__HOW TO COMPLETE THIS TASK__
Look below for the line containing "רצפות הדירה עשויות", then write out that line and every line after it to the end, exactly, minus the pictures.

__GIVEN MATERIAL__
◇ ◇ ◇ ◇ ◇ ◇ ◇

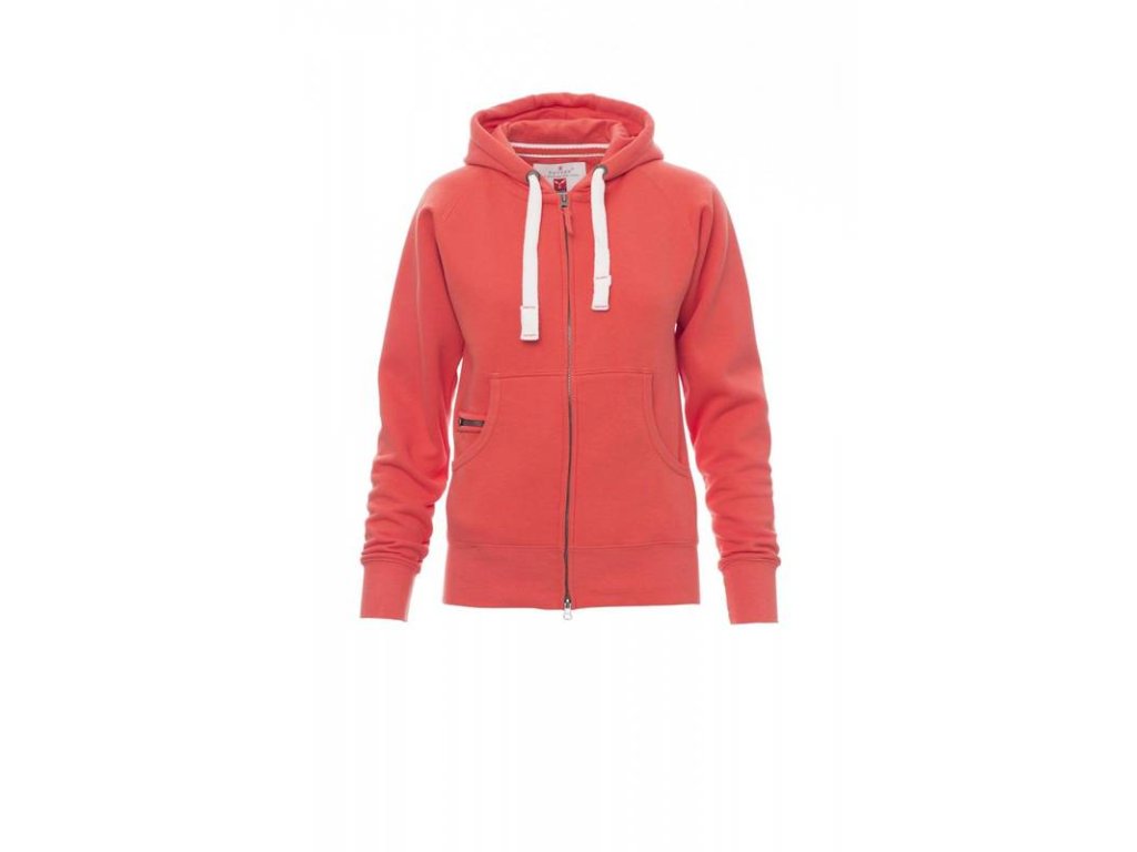 Dámská mikina 300gr. s úplným zipem SBS pokrytým plastem s dvojitým kovovým stahováním, kapuce s dvojitě prošívanými švy a bílou šňůrkou s kontrastním prošíváním a kovovými kroužky, raglánové rukávy, klokaní kapsy, malá kapsa na zip, strečové manžety a lem.
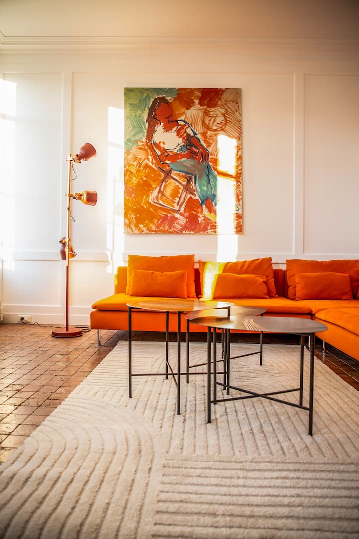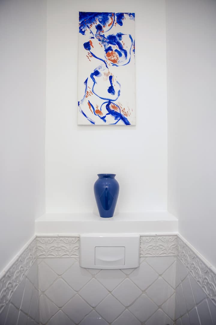 רצפות הדירה עשויות מאריחי טרוורטין איראניים בעבודת יד, וציורים מקוריים מעטרים את הקירות.
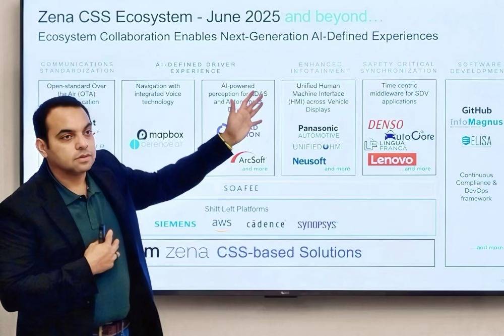 Arm汽車事業部產品和解決方案副總裁Suraj Gajendra介紹了Arm Zena計算子系統(Compute Subsystems, CSS)。

◇ ◇ ◇ ◇ ◇ ◇ ◇

__ANSWER TO THE EXERCISE__
 רצפות הדירה עשויות מאריחי טרוורטין איראניים בעבודת יד, וציורים מקוריים מעטרים את הקירות.
 Arm汽車事業部產品和解決方案副總裁Suraj Gajendra介紹了Arm Zena計算子系統(Compute Subsystems, CSS)。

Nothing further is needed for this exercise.